He bolted the door behind me as I went out. Yellow traffic lights cast wan reflections on the asphalt. Streams of cars went by to the north, to the south. To the west, where the sea lay, a great black emptiness opened under the stars.
The beach house sat on its white margin, a little over a mile from the motel. For the second time that day, I knocked on the warped kitchen door. There was light behind it, shining through the cracks. A shadow obscured the light.
“Who is it?” Donny said. Fear or some other emotion had filled his mouth with pebbles.
“You know me, Donny.”
The door groaned on its hinges. He gestured dumbly to me to come in, his face a white blur. When he turned his head, and the light from the living room caught his face, I saw that grief was the emotion that marked it. His eyes were swollen, as if he had been crying. More than ever he resembled a dilapidated boy whose growing pains had never paid off in manhood.
“Anybody with you?”
Sounds of movement in the living room answered my question. I brushed him aside and went in. Ella Salanda was bent over an open suitcase on the camp cot. She straightened, her mouth thin, eyes wide and dark. The .38 automatic in her hand gleamed dully under the naked bulb suspended from the ceiling.
“I’m getting out of here,” she said, “and you’re not going to stop me.”
“I’m not sure I want to try. Where are you going, Fern?”
Donny spoke behind me, in his grief-thickened voice: “She’s going away from me. She promised to stay here if I did what she told me.
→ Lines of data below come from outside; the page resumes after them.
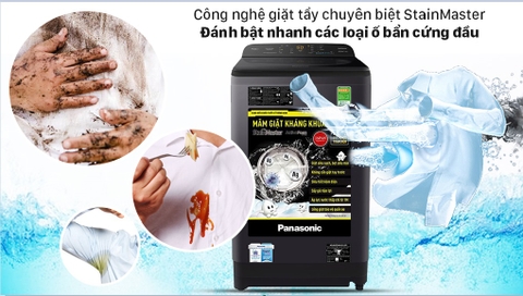 Công nghệ giặt tẩy chuyên biệt StainMaster trên máy giặt Panasonic 9 Kg NA-F90A9BRV có 3 chương trình hoạt động vết bẩn được thiết lập sẵn gồm: Lưu hương - bùn đất - nước sốt.
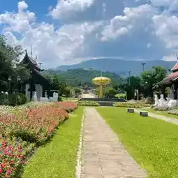 A very shady tourist attraction in Chiang Mai, suitable for all ages. Inside, there is an international botanical garden, an orchid house, and a beautiful Lanna-style wooden building called “Hor Kham Luang”. 🏯
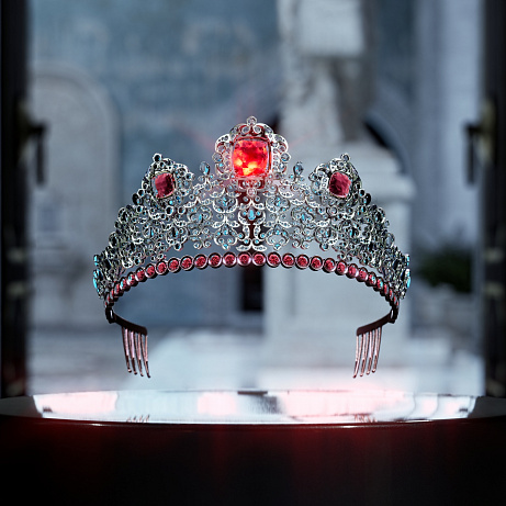 Tiara, kterou Domenico Dolce a Stefano Gabbana viděli ve svých snech. Důležitá pro ně byla tyrkysová barva připomínající moře obklopující Benátky a červená reprezentující barokní styl a vášeň města.
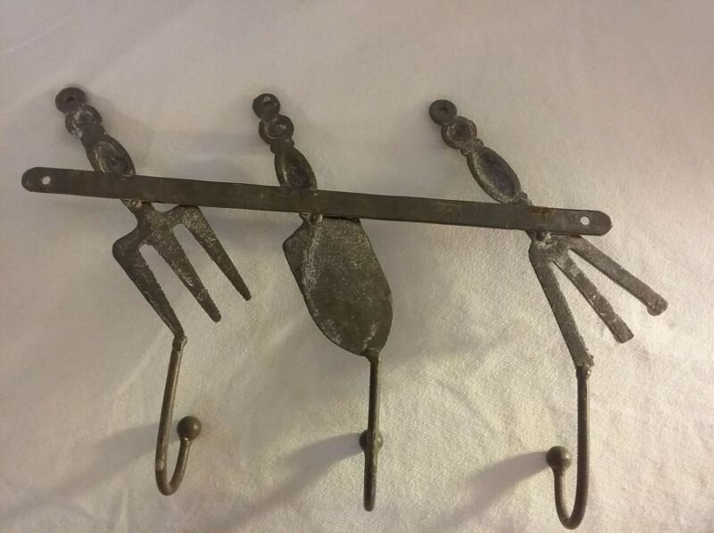 Vintage Primitive/Folk Art Gardening Tools Wall Hooks
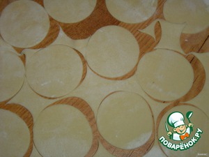 Тесто раскатайте в тонкий пласт, с помощью выемки вырежьте кружки диаметром 6 см.
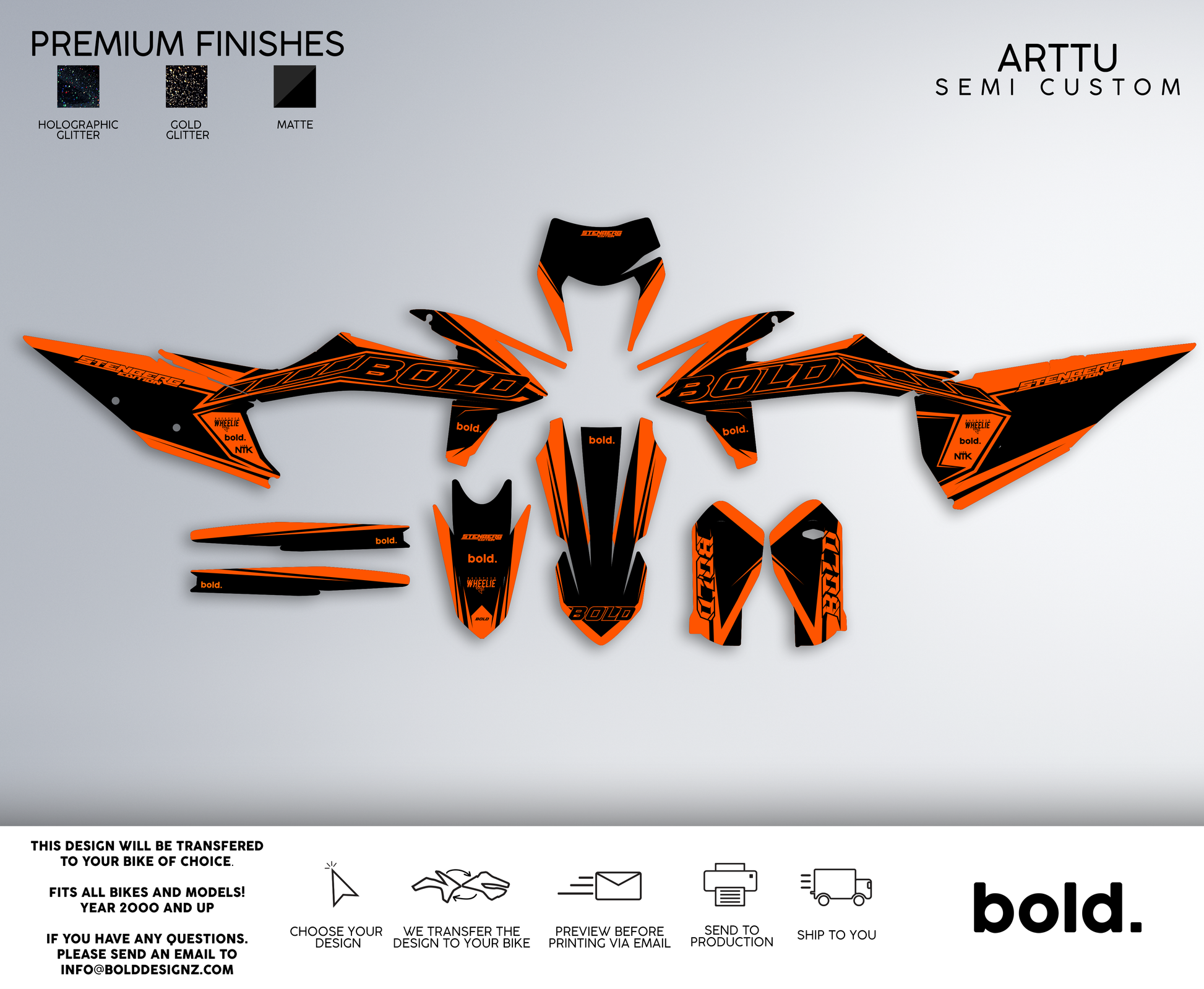 At Bolddesignz, the order process is designed to be easy, streamlined, and completely customized to ensure you get the perfect graphics for your bike. Every customer receives personal attention from a professional designer, making the experience smooth and enjoyable.

She promised to be my girl—”
“Shut up, stupid.” Her voice cut like a lash, and Donny gasped as if the lash had been laid across his back
“What did she tell you to do, Donny? Tell me just what you did.”
“When she checked in last night with the fella from Detroit, she made a sign I wasn’t to let on I knew her. Later on, she left me a note. She wrote it with a lipstick on a piece of paper towel. I still got it hidden, in the kitchen.”
“What did she write in the note?”
He lingered behind me, fearful of the gun in the girl’s hand, more fearful of her anger.
She said: “Don’t be crazy, Donny. He doesn’t know a thing, not a thing. He can’t do anything to either of us.”
“I don’t care what happens, to me or anybody else,” the anguished voice said behind me. “You’re running out on me, breaking your promise to me. I always knew it was too good to be true. Now I just don’t care any more.”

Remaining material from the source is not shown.